A blood sample (2 mL) was collected on day 15 from the retro-orbital plexus after completion of the test session of the tail suspension test. Mice were sacrificed by cervical dislocation, and the whole brain was removed immediately.

Blood samples were centrifuged (Remi centrifuge, India) at 2,500 rpm for 10 min to separate plasma. Plasma was used to measure the corticosterone concentration.

The whole brain was homogenized in ice-cold acidifying butanol solution using a glass Teflon homogenizer. Homogenization was performed for 1 min, and the homogenate was centrifuged at 10,000 rpm at 0°C for 20 min. The supernatant was used. From this, 3 mL of the homogenate was used for the estimation of GABA (Bartosz and Pasek, 1979), and the remaining homogenate was then transferred to tubes containing 1.6 mL of 0.2 N acetic acid and 5 mL n-heptane.

After mixing on a vortex mixer for 30 sec, the aqueous phase/acid extract was recovered by centrifugation at 3,000 rpm for 5 min. The organic supernatant phase was aspirated and discarded, including the tissue disc at the interface of the sample tubes. An aqueous phase or acid extract was used to estimate dopamine, noradrenaline, and serotonin.

Box I: Tail Suspension Test

Principle

When a individual mouse is suspended by its tail, initially it struggles to escape. After recurrent unsuccessful attempts, it adopts a characteristic immobile posture. This immobility is considered as a state of behavioral despair, similar to depressive-like behavior in humans.

Requirements

A. pallens extract; Adhesive tape; Marker; Mice; Scale; Sound-free room; Suspension rod; Video recording system

Procedure

Step 1: The treatment (ethyl acetate fraction of A. pallens extract, 100, 200, and 400 mg/kg body weight) was given once daily orally using an oral gavage, continuously for 14 days to healthy Swiss mice.

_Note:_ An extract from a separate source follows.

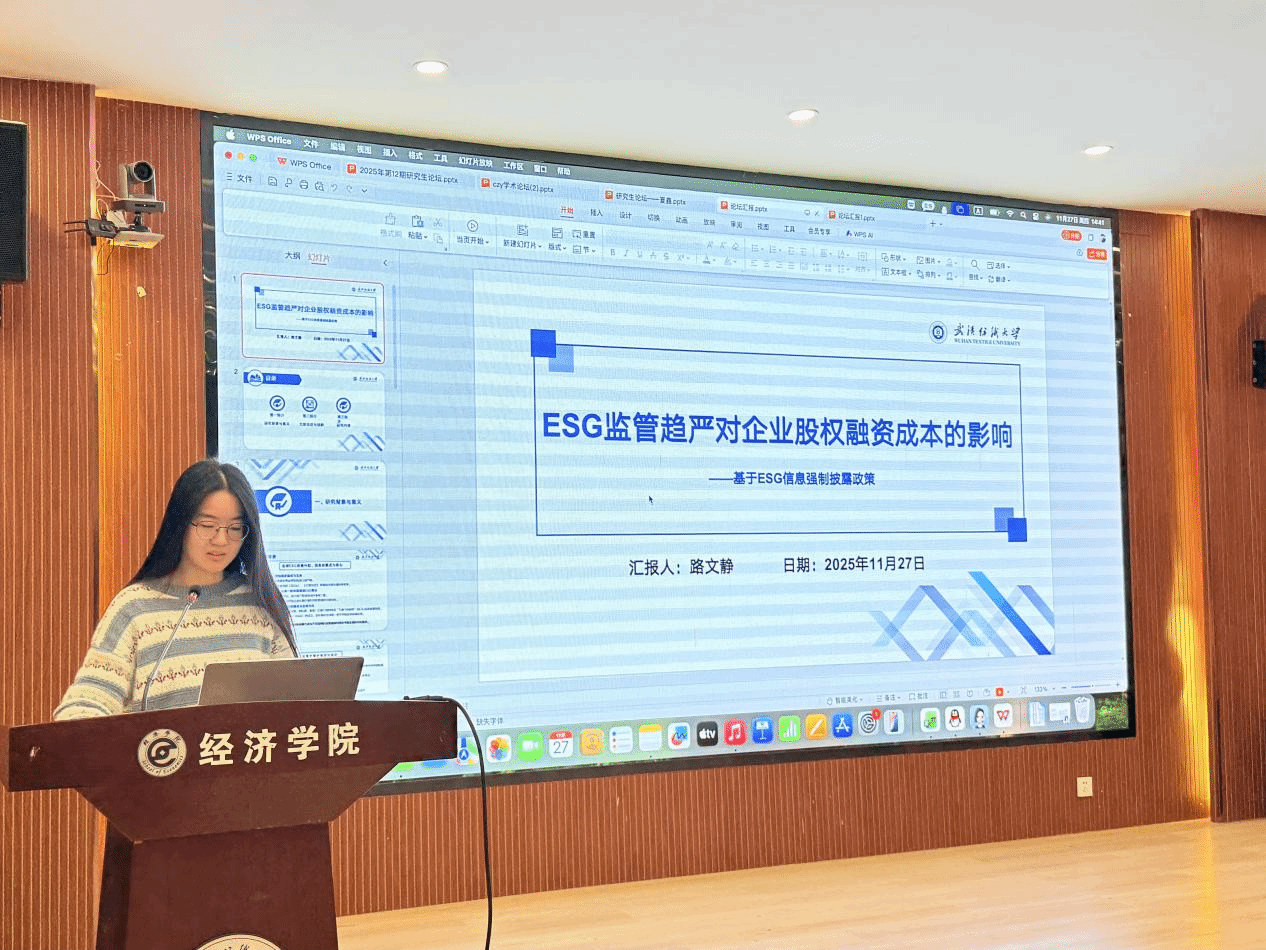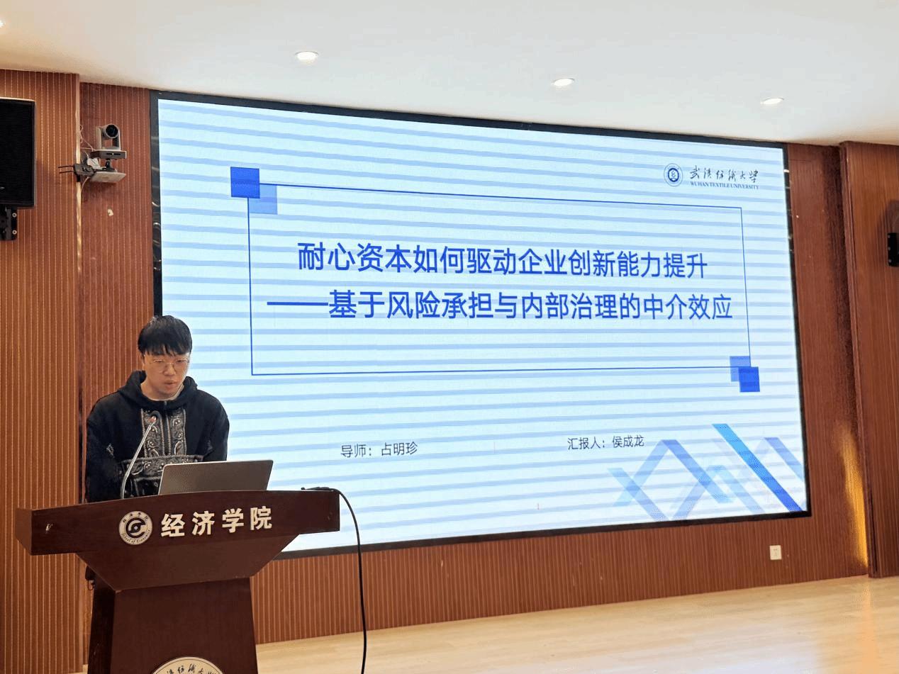 论坛分享环节,五位主讲人从学术研究与实践竞赛两大维度展开精彩分享。夏鑫同学以《机构共同持股对企业债务融资成本的影响》为题,聚焦资本市场股权结构,剖析机构共同持股降低信息不对称、优化债务融资环境的作用机制,为企业融资成本管控提供学术参考。赵福同学以《数字普惠金融对农村寄递物流水平的影响研究》报告,基于农村发展数据,实证分析数字普惠金融对寄递物流网络完善、效率提升的赋能效果,为农村基建提供新思路。路文静同学围绕《ESG监管趋严对企业股权融资成本的影响——基于ESG信息强制披露政策》,结合政策背景探究ESG信息强制披露对股权融资成本的调节作用,为企业合规与融资优化提供理论支撑。侯成龙同学以《耐心资本如何驱动企业创新能力提升?——基于风险承担与内部治理的中介效应》为题,聚焦耐心资本资源配置功能,揭示其通过影响企业风险承担与内部治理驱动创新的内在逻辑。陈子悦同学分享《竞赛经验分享——商业精英挑战赛》,结合参赛经历从团队组建、方案设计、答辩技巧拆解备赛要点,分享实战经验与感悟,为同学参与学术竞赛提供实用指导。

Step 2: On the 15^th day 60 min after the regular drug treatment, an individual mouse was suspended on the suspending rod, 58 cm above a table top with the help of adhesive tape placed approximately 5 cm from the tip of the tail.

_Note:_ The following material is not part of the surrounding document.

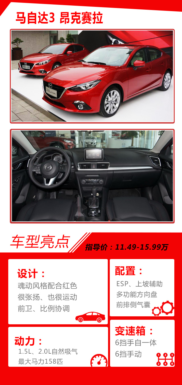 操控犀利,比较有驾驶乐趣。而且油耗控制出色,2.0L车型动力充沛、加速线性。再加上时尚、动感的外观,是年轻、活力的好选择。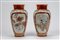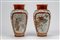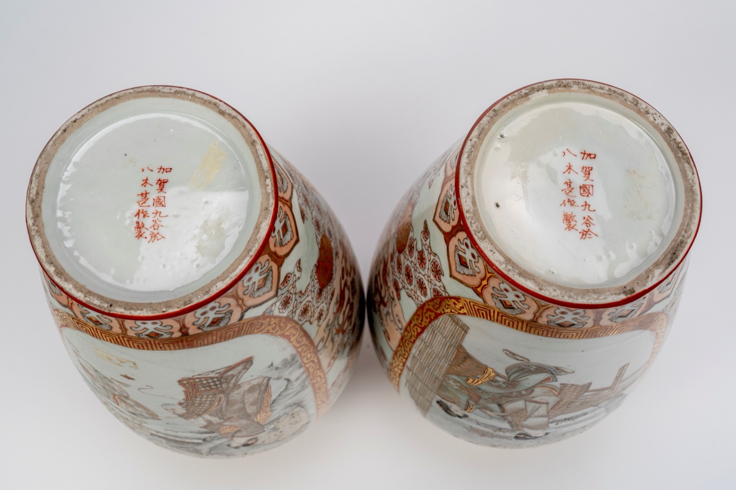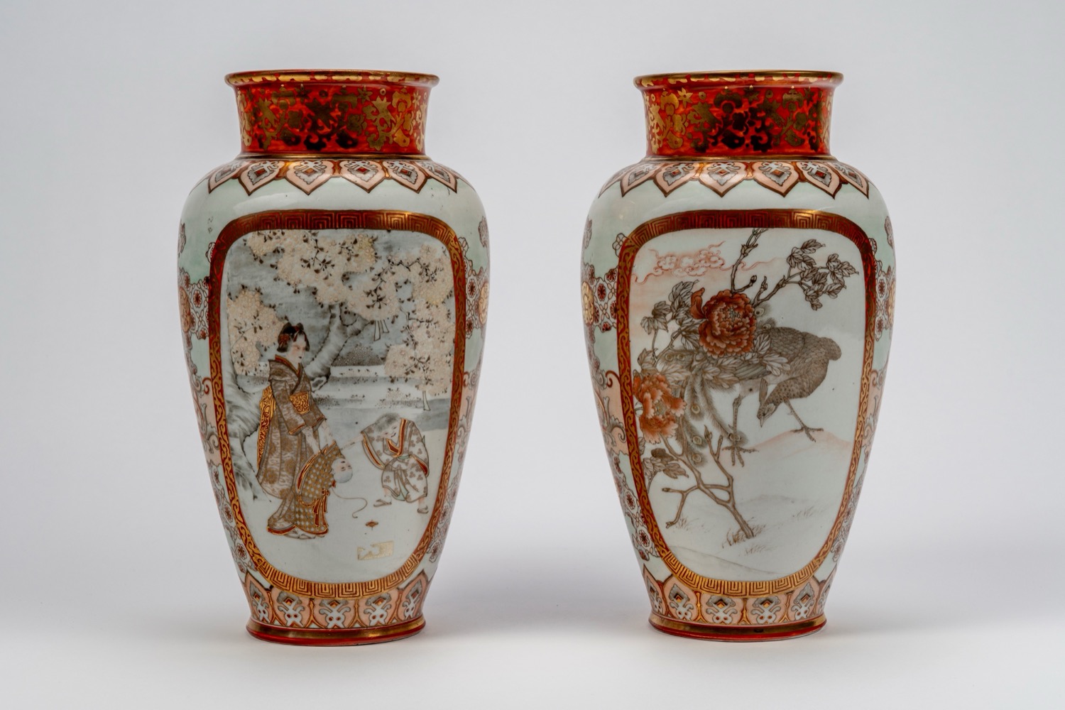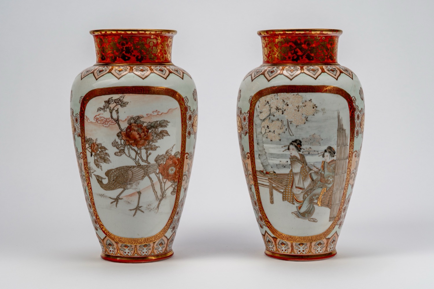 di forma ovoidale con collo svasato, decorati alterna fondi in rosso corallo con motivi floreali dorati a pannelli su fondo bianco, uno con figure femminili in kimono tra sakura in fiore, l'altro con uccello tra rami di peonia; collo, spalla e base con fregi geometrici tipici del repertorio Kaga-Kutani. firmati Yagi Jinpeidi forma ovoidale con collo svasato, decorati alterna fondi in rosso corallo con motivi floreali dorati a pannelli su fondo bianco, uno con figure femminili in kimono tra sakura in fiore, l'altro con uccello tra rami di peonia; collo, spalla e base con fregi geometrici tipici del repertorio Kaga-Kutani. firmati Yagi Jinpei

Step 3: Care was taken to ensure that the head of the mouse was 50 cm away from the nearest object and was both acoustically and visually isolated.

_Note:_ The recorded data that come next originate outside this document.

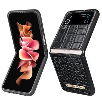 For Samsung Galaxy Z Flip4 VIETAO Crocodile Texture PU Leather Phone Case(Black) (VIETAO)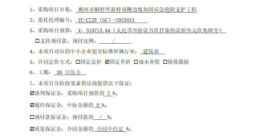郴州市第一人民醫(yī)院的郴州市桐梓坪新村南側(cè)邊坡加固應急搶險支護工程進行競爭性磋商采購,現(xiàn)采用發(fā)布公告方式,邀請符合資格條件的供應商參與競爭性磋商采購活動。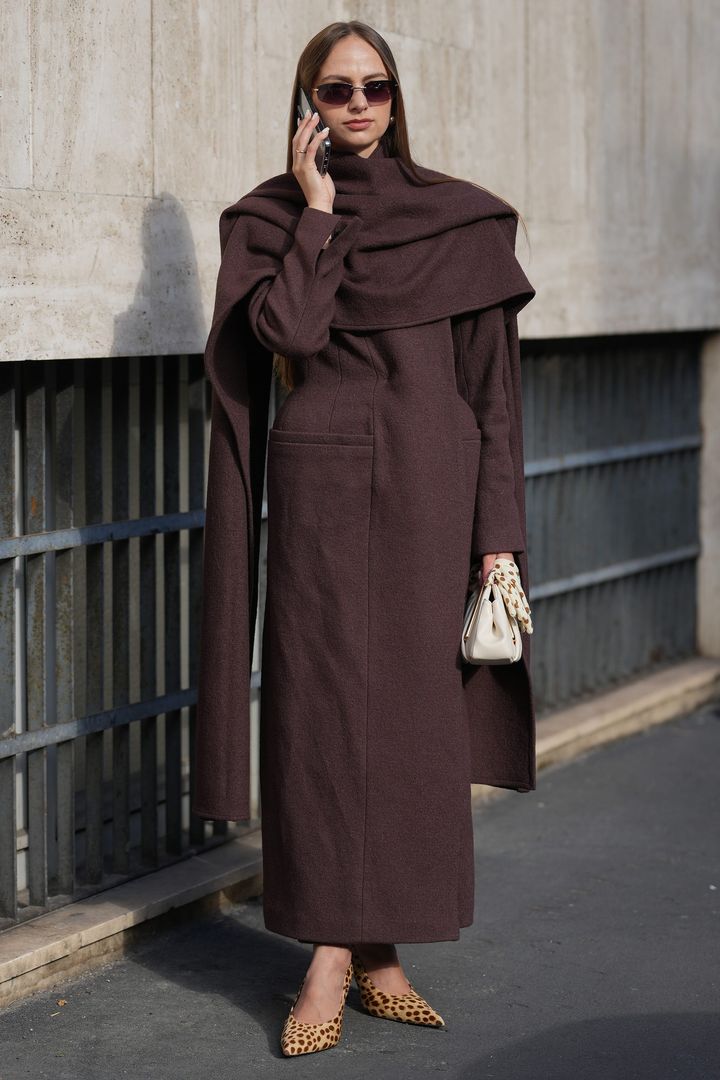 深みのあるブラウンのスカーフコートは、首元に生まれるゆったりとしたドレープでとびきりシックな印象に。足元には旬のレオパード柄を添えて、野性味のあるスパイスをプラス。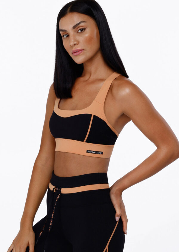 SPORTOVNÍ PODPRSENKA SUMMIT spojuje unikátní design s maximální funkčností. Kombinace „karamelové“ barvy s černou dodává podprsence jedinečný vzhled, který opticky zvýrazňuje horní partie. Tato podprsenka je ideální nejen pro náročné sporty, jako je běh, ale také jako stylový doplněk každodenního outfitu, který přitáhne pozornost.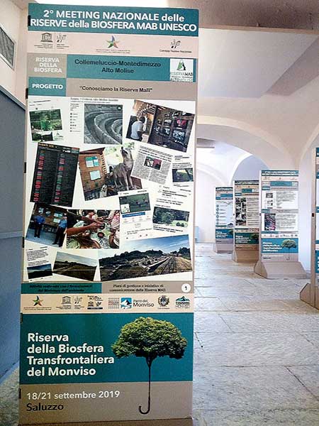 La delegazione altomolisana ha esposto un cartellone con la sintesi delle esperienze vissute ed organizzate nella Riserva della Biosfera del Molise negli ultimi mesi al fine di divulgare il significato del Programma Man and Biosphere e il suo valore per la tutela della biodiversità, condividere attività di valorizzazione e riscoperta della natura e dei borghi del territorio sia a fini educativi che turistici, unire un’area e gli abitanti dei 7 comuni per mettere in rete le diverse iniziative, una condivisione suggellata in estate con la presentazione di un programma unico di eventi.

Step 4: The duration of immobility was recorded for a period of 6 min. Mice were considered immobile when they remain passively and completely motionless for at least 1 min.

Calculation

Immobility time (in sec) was recorded for 6 min. An animal was considered to be immobile when it did not show any movement of the body, hung passively, and was completely motionless. The duration of immobility is considered an indicator of depressive-like behaviour.

Reference

Steru et al., 1985

Estimation of dopamine (Carlsson, 1959)

To 1 mL of the above acid extract, 0.5 mL of 0.1 M phos-phate buffer (pH 6.5) was added. To the above solution, 0.05 mL of 0.02 N iodine solution was then added. After 5 min, 0.5 mL of alkaline sulphite solution was added to the test sample, while 0.5 mL of 2.5 N NaOH was added to the blank. After 5 min, 0.6 mL of 2.5 N acetic acid was added to both the test and the blank, and the mixtures were irradiated under UV light at 240 nm for 20 min. After irradiation, 0.05 mL of water was added to the test sample, whereas 0.05 mL of alkaline sulphite solution was added to the blank. The fluorescence was then measured using a spectrofluorometer, with excita-tion and emission wavelengths set at 335 nm and 410 nm, respectively. The fluorescence remained stable for 24 hours. Blank readings were used for correction, and the values of the unknown samples were determined by extrapolation from the standard calibration curve.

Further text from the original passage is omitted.